Судовой капеллан смущенно крякнул, хотя до этого добродушно сносил нападки на свой клир.

- Но священникам запрещено играть в шахматы.

- Наверное, инквизитор считает, что на него запрет не распространяется, - едко заметил сэр Уильям. - Да и вообще, правила существуют, чтобы их нарушать. Так что задумал с «живыми шахматами» арагонский проказник?

Сэр Джеймс залпом выпил содержимое своего бокала:

- Для игры он использует еретиков, даже если их виновность не доказана. Отобранных несчастных одевают в белые и чёрные одежды и расставляют в виде шахматных фигур на раскрашенных клетками плитах залы. Играют в такие шахматы два старых слепых монаха. Стоит одному из них «съесть» фигуру другого, и на соответствующую клетку выходит палач и казнит несчастного, лишая его жизни или копьем, или мечом. К концу игры всё шахматное поле залито кровью мертвых «шахматных фигур».
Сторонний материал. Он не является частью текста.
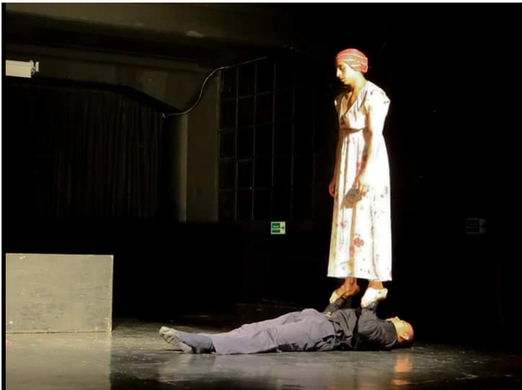
Fotografía 56 Presentación.

- А уцелевшие фигуры? - полюбопытствовал сэр Энтони Мэтлок, капитан судна «св. Маргарита». - Какова их судьба?

- Уцелевших нет: по окончании игры всех оставшихся в живых отправляют на аутодафе.

- Неужели это происходит в наш просвещенный век?

- Увы, Арбуэса свирепствует, а население Сарагосы тает.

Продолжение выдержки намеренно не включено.